Additionally, I’ve learned that when the market crashes or has a major correction, it’s time to buy because stocks are on sale. It’s certainly not the time to sell! Well, how am I, as a new investor, handling this market volatility? The answer is totally fine. I really don’t check my investments all that often because I just keep pumping money into them. I’m not gonna stop either.
There is certainly a buying opportunity right now. However, it’s wise to know one’s personal investment strategy in times like this. As I new investor I learned about other strategies before I developed my own. I learned about the importance of developing my own personal investment policy statement and so I did. Once a year, I rebalance my assets and analyze my strategy.
I was listening to Choose FI’s recent podcast episode in which MK and Brad were talking about this exact thing. If you are an investor, it’s wise to take the time to write your own investment policy statement during stable times when you can be clear-headed. Then you’ll have it to refer to in emotionally wild times.
So what am I doing?
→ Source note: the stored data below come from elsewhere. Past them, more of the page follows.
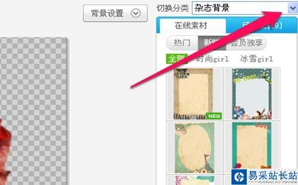 9、在右側(cè)選擇背景的分類,也可以點擊左下角的“更換背景”來換成自己的背景圖片
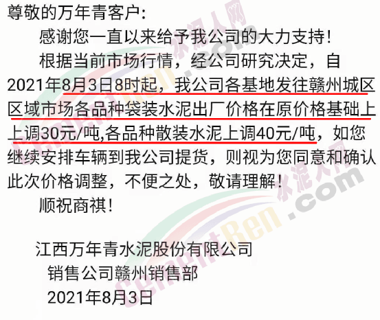 江西万年青水泥股份有限公司赣州销售部通知,自8月3日8时起,公司各基地发往赣州城区区域市场各品种袋装水泥出厂价格在原价格基础上上调30元/吨,各品种散装水泥上调40元/吨。
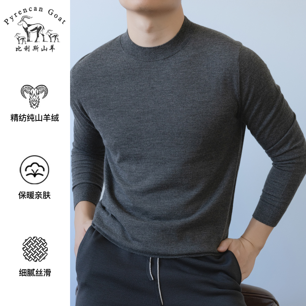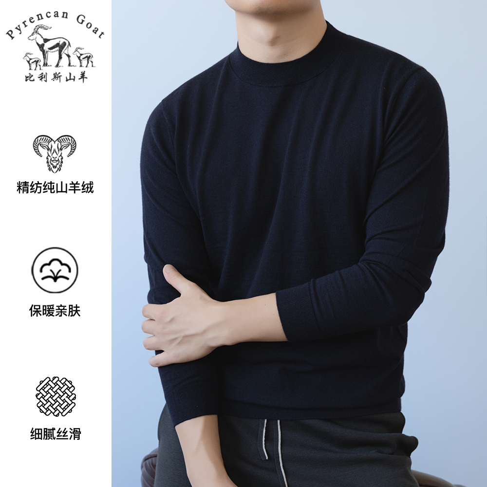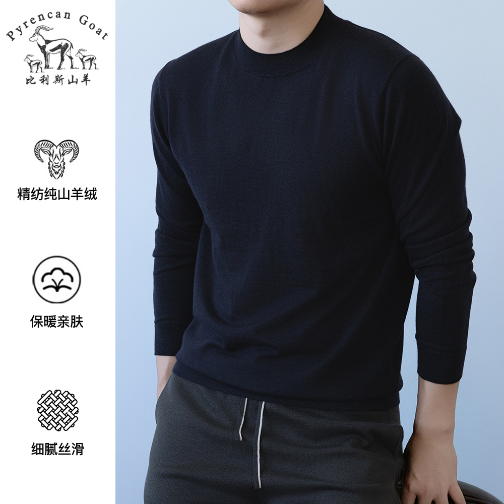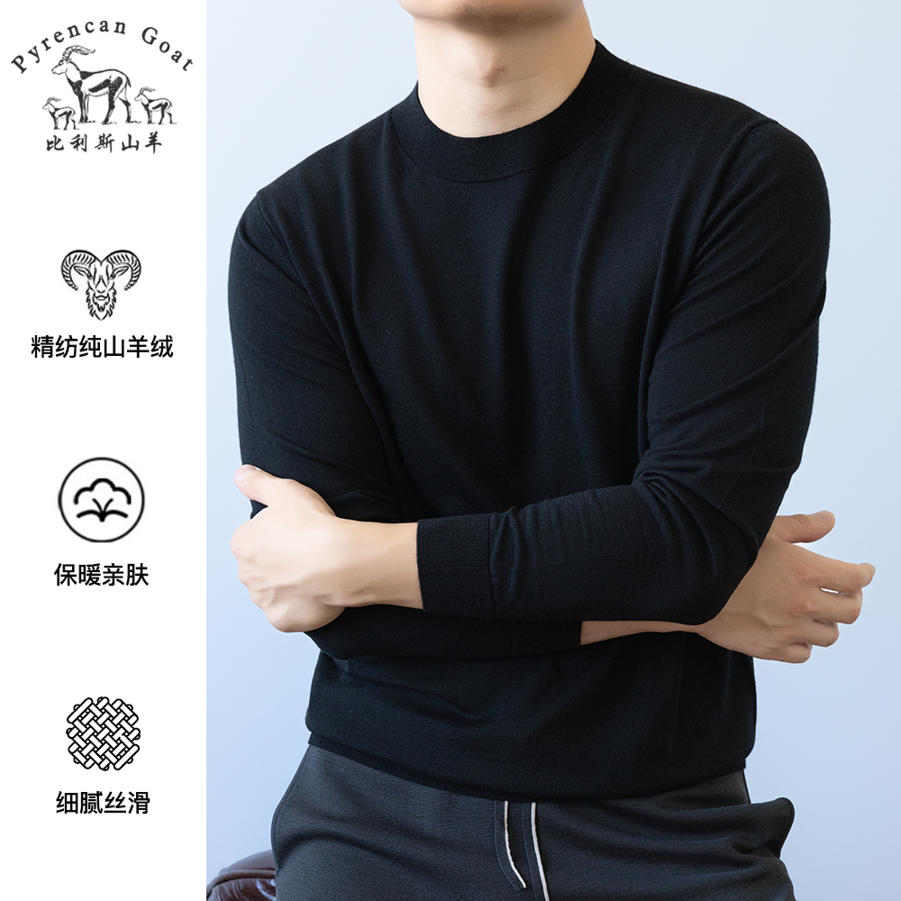 【薄款精纺纯山羊绒】秋冬男士圆领纯色针织T恤衫套头毛衣打底衫
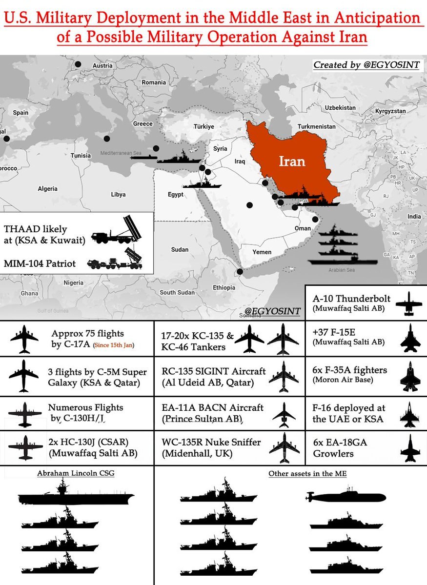 Карты наращивания военного присутствия США на Ближнем Востоке на фоне возросшей напряженности и угроз удара по Ирану.
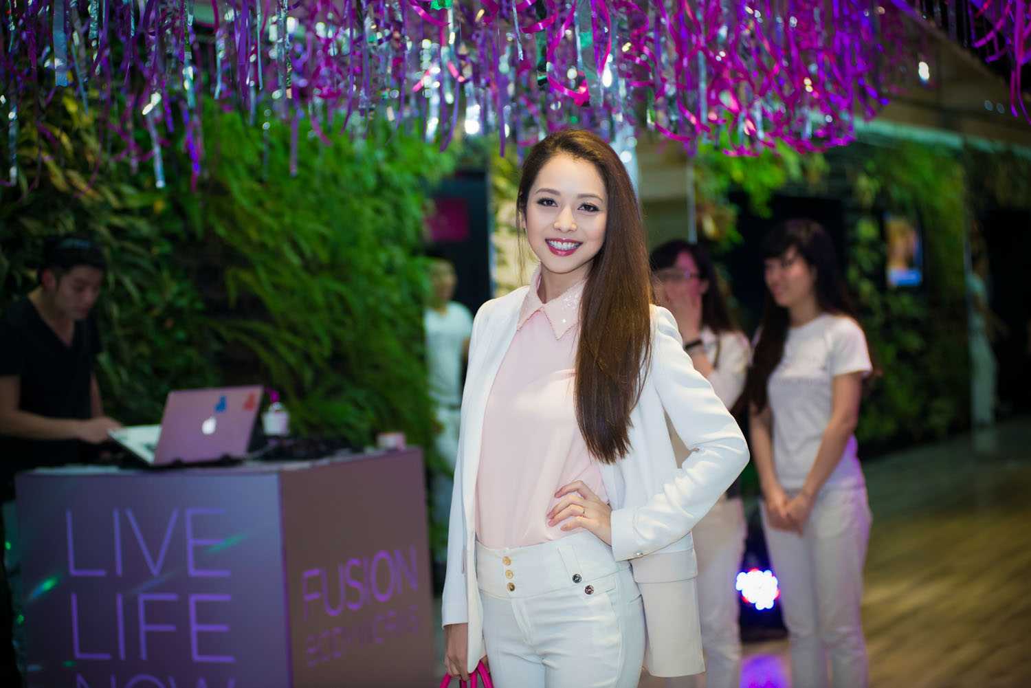 Không còn những bộ váy hút mắt với những đường xẻ táo bạo, nhưng trong Jennifer Phạm vẫn hết sức sành điệu với màu trắng tinh khôi

I am staying the course.
Fortuitously, I sold my HSA invested funds about 5 weeks ago and transferred them to Fidelity. They arrived last week and I was able to re-invest them when the market was low. I got to sell high and buy low but it wasn’t planned or intended but just darn good fortune.
I may invest a bit more into the market now because I have a federal and state refund coming. However, I’m not touching my emergency fund! It will remain in my savings account.
Additionally, because I’m a new investor, here are some recent great articles from more veteran investors:
- The Benefits of a Bear Market by Fritz at the Retirement Manifesto
- Taking Advantage of Mr. Bear by JL Collins
- Feeling Scared already? It’s not even a Bear Market as of March 4th! (But it became one a week later!) by Early Retirement Now
- How Real Estate Gets Impacted by a Decline in Stock Prices by Financial Samurai.
It’s easy to lose focus in emergencies so my hope is that my words inspire us (me included) to find positive peace, cautious optimism and plans to stay invested.
May you all stay healthy in the coming weeks.